[Opening Available records section]
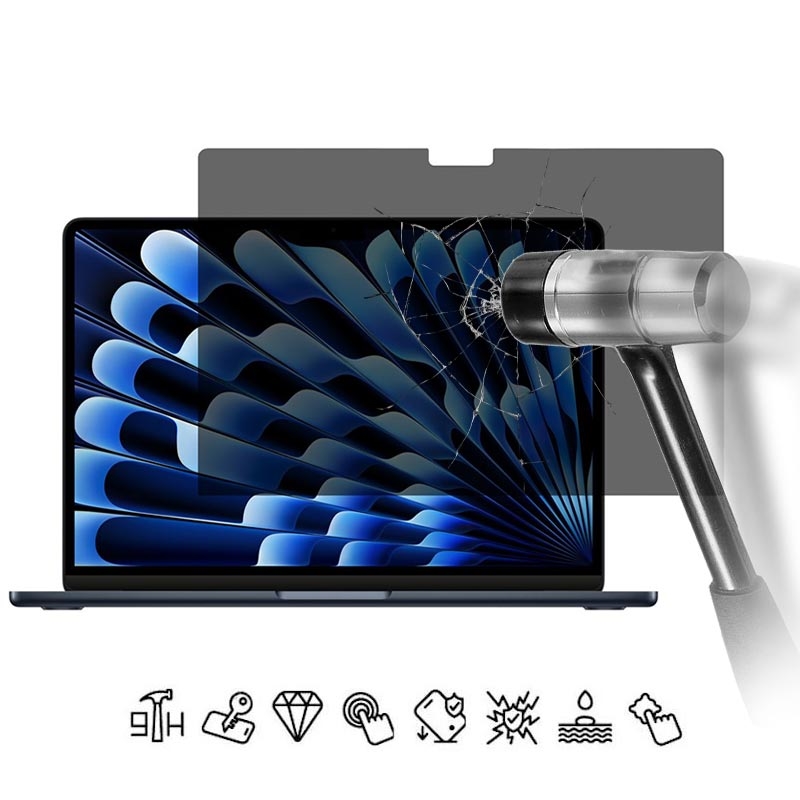 Protector de ecran din sticlă temperată Confidențialitate pentru MacBook Air 13" 2022/2024/2025/2026 - anti-persiprație, acoperire completă, rezistent la zgârieturi și impact
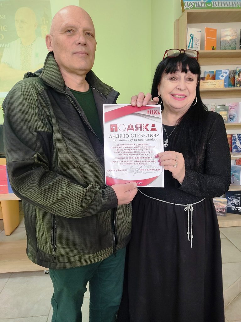 23 квітня в бібліотеці-філії №13 у рамках проєкту «Читай Вінницю» та знайомства читачів із книгами-переможцями міського «Конкурсу на підтримку книговидання про Вінницю» 2025 року відбулася презентація збірки нарисів про літературний процес на теренах сучасної Вінниччини від давніх давен до сьогодні письменника Андрія Стебелєва – «Художнє слово на Вінниччині». Автор розповів про те, що головні герої цієї книги – вінницькі літератори! Також присутні були проінформовані, про те, як збиралися матеріали та хто потрапив на сторінки часопису. Присутні отримали майстер-клас від автора. Андрій Стєбєлєв поділився практичними порадами та професійними секретами написання творів, які «чіпляють». Приємним було і те, що був вільний мікрофон, до якого долучилися талановиті гості заходу. Такі заходи є унікальною можливістю не лише отримати корисні знання, а й опинитися в колі однодумців.
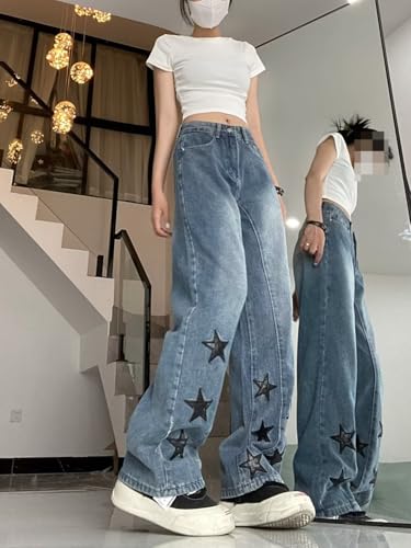 More information about Women Star Prints Wide Leg Jeans High Waist Jeans for Women Casual Loose Jeans Denim Pants Y2K Style
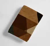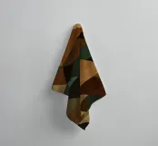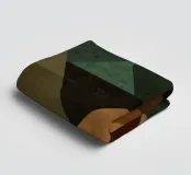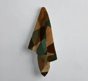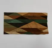 This artwork features an intricate arrangement of triangles in varying shades of brown, green, and cream, creating a visually striking and textured pattern.
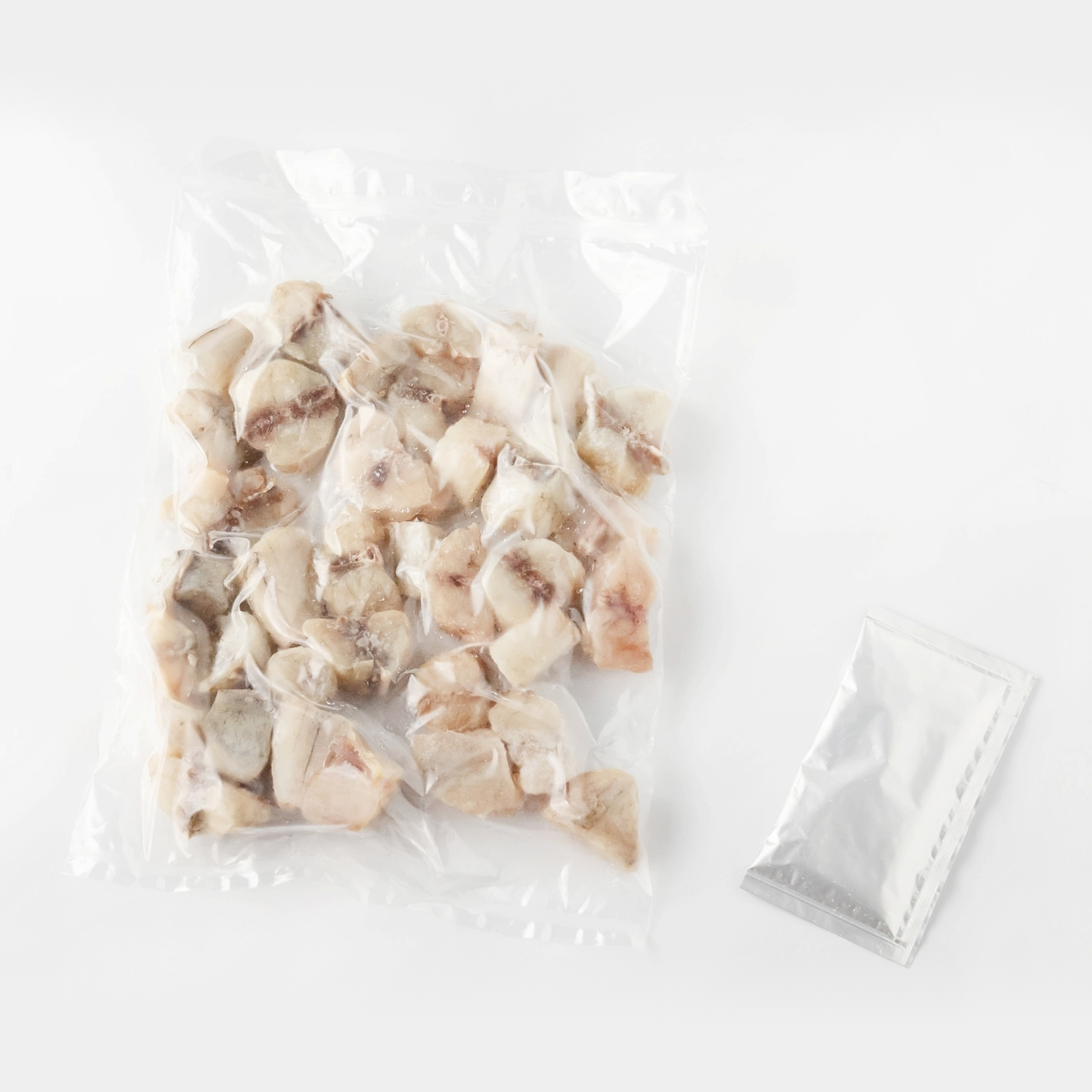 大口注文・法人のお問い合わせはこちら身が締まった状態で水揚げされた国産フグの切り身です。同封している魚介醤油ベースの鍋の素で煮込んでお召し上がりください。 みずみずしい食感のフグは、唐揚げにしても絶品です。ふぐ鍋と合わせてお楽しみください。
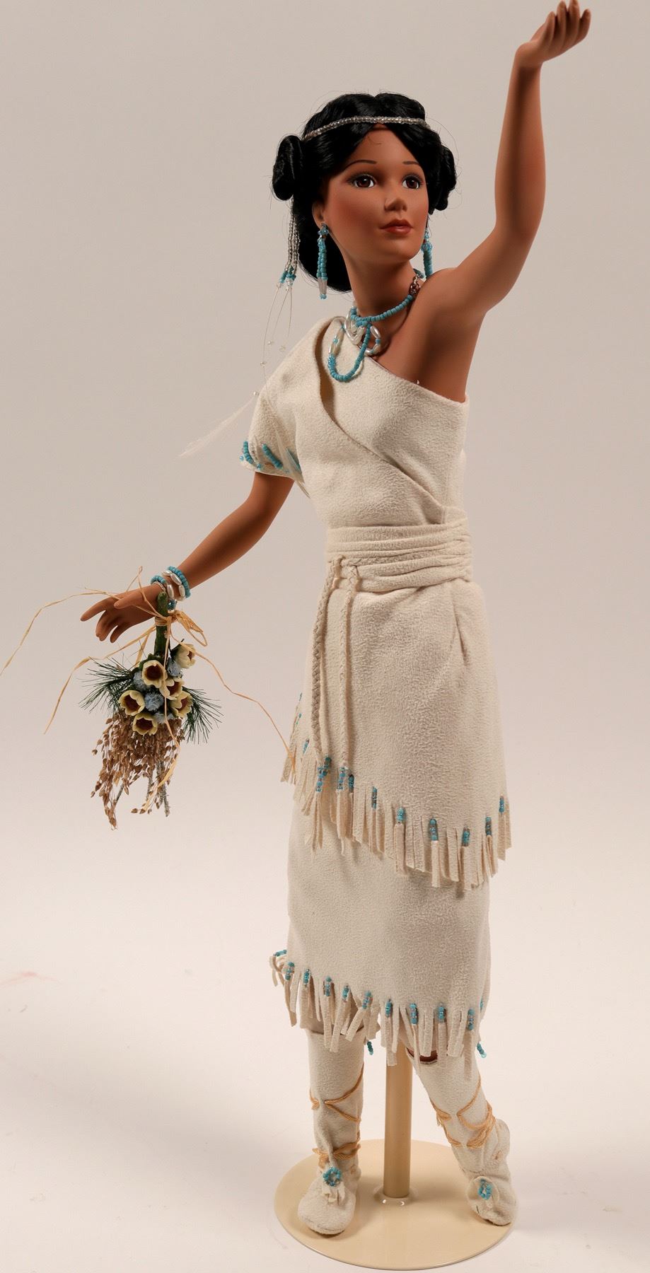 From the Ashton-Drake Galleries, by Artist Sandra Bilotto. Certificate of Authentication, number A 3911. This doll is named "Sun Maiden" she leads the women of her village in a graceful dance of celebration to mark the end of her wedding day. Attire is based on ancient styles of the people of the Southwest.
[Closing Available records section]
Work instructions: Repeat each record exactly as shown above, dropping all images.

Output for this exercise:
 Protector de ecran din sticlă temperată Confidențialitate pentru MacBook Air 13" 2022/2024/2025/2026 - anti-persiprație, acoperire completă, rezistent la zgârieturi și impact
 23 квітня в бібліотеці-філії №13 у рамках проєкту «Читай Вінницю» та знайомства читачів із книгами-переможцями міського «Конкурсу на підтримку книговидання про Вінницю» 2025 року відбулася презентація збірки нарисів про літературний процес на теренах сучасної Вінниччини від давніх давен до сьогодні письменника Андрія Стебелєва – «Художнє слово на Вінниччині». Автор розповів про те, що головні герої цієї книги – вінницькі літератори! Також присутні були проінформовані, про те, як збиралися матеріали та хто потрапив на сторінки часопису. Присутні отримали майстер-клас від автора. Андрій Стєбєлєв поділився практичними порадами та професійними секретами написання творів, які «чіпляють». Приємним було і те, що був вільний мікрофон, до якого долучилися талановиті гості заходу. Такі заходи є унікальною можливістю не лише отримати корисні знання, а й опинитися в колі однодумців.
 More information about Women Star Prints Wide Leg Jeans High Waist Jeans for Women Casual Loose Jeans Denim Pants Y2K Style
 This artwork features an intricate arrangement of triangles in varying shades of brown, green, and cream, creating a visually striking and textured pattern.
 大口注文・法人のお問い合わせはこちら身が締まった状態で水揚げされた国産フグの切り身です。同封している魚介醤油ベースの鍋の素で煮込んでお召し上がりください。 みずみずしい食感のフグは、唐揚げにしても絶品です。ふぐ鍋と合わせてお楽しみください。
 From the Ashton-Drake Galleries, by Artist Sandra Bilotto. Certificate of Authentication, number A 3911. This doll is named "Sun Maiden" she leads the women of her village in a graceful dance of celebration to mark the end of her wedding day. Attire is based on ancient styles of the people of the Southwest.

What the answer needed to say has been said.